On the way to Phoenix, we make a slight detour to Winslow, Arizona. Why? Because Rick wants to "stand on the corner in Winslow, Arizona" like the Eagles sang in 1972 in "Take it Easy." Notice the trump l'oeil of the "girl, my lord, in a flat bed Ford, comin' round to take a look at me".
That's all there is there, but it is good for a good laugh!
The rest of the drive is interesting....a backdrop of mountains all the way. We stopped at a rest stop to gaze at a particularly pretty backdrop.
We haven't a clue where we're going to stay....there are about 150 of these RV resorts in the area. We concentrate only on the ones that have a 5 star rating, but we've learned these ratings mean little or nothing. Since we're coming in from the north, we just pick the closest one in the West Valley of Phoenix named Pueblo El Mirage RV Resort (robertsresorts.com/pueblo). It is yet another tres bizarre place! The public buildings and facilities are beautiful.
It has a Fuzzy Zoeller course, tennis courts, lawn bowling, clubhouses, fitness center, library and buildings for about every activity you could think of from woodworking to silversmithing. It could be great.....except
to call this an RV resort is rather ridiculous. It's mostly what we have learned are called "park models" which are essentially permanently installed mobile homes. The RVs are stuck out on a dirt field with nary a picnic table, let alone cable TV (things you always find even at very modest resorts.)
It's beyond me....they could charge twice as much (which we and many others would gladly pay) and make it a terrific place.

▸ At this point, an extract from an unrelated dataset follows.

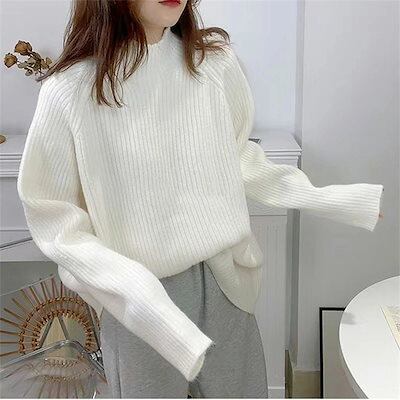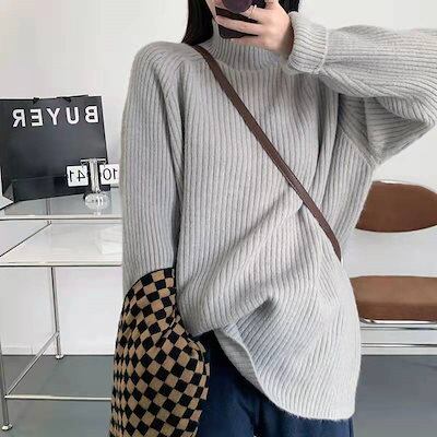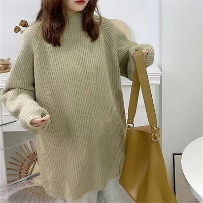 リブニット ニット レディース セーター トップス 長袖 プチハイネック シンプル プルオーバー リブ ハイネック タートルネック 長袖セーター 長そで ニットトップス ロング丈 フレンチスリーブ 秋

We don't like it very much, but we have two weeks until we're due in Indio and we decide we'll just stay put for awhile.
Taliesin West
We settle in and immediately head to Scottsdale to Taliesin West, Frank Lloyd Wright's western retreat and school of architecture (franklloydwright.org). This is one of the most fascinating things that we have done. Depending on the tour you pick (there are six choices differing in length of time and depth of what you see). We opt for the 90 minute "Insights Tour" which includes entrance into the architect's personal quarters. These tours are not inexpensive, but discover they are discounted on Tuesday and Wednesdays, this one to $26 per person.
Taliesin West is described as one of Wright's greatest masterpieces showcasing his ability to integrate indoor and outdoor spaces. He and his apprentices literally created this facility out of the desert gathering rocks from the desert floor and sand from the washes. I personally can't imagine living in it, it's very hard edged. But the overall effect of how it would feel to be living as part of the landscape is captivating. It is elegant in a ruggd sort of way and so suits the archtects rather electic and eccentric personality.
We are seated in the very large living room in Wright designed furniture. Asian and Southwestern art and artifacts are displayed throughout. We are told of the grand parties, musical events and speakers that the Wrights hosted in this room and also in a cabaret theater, music pavilion and a lecture hall that he built in out buildings throughout the 550 acre property. We tour his bedroom which frankly looks stark and rather uncomfortable and peak into the studios where 33 students are currently enrolled. Unfortunately we are not allowed to take pictures of the private quarters nor the studio.
We wander a bit on the property near the house and discover a lovely sculpture garden of pieces designed by a woman who originally approached Wright as a potential student. He felt that sculpting fell outside his discipline, declined her application, but allowed her to display and sell her work, which she still does.
It's funny, both Rick and I leave Taliesin West inspired to build and/or renovate another house!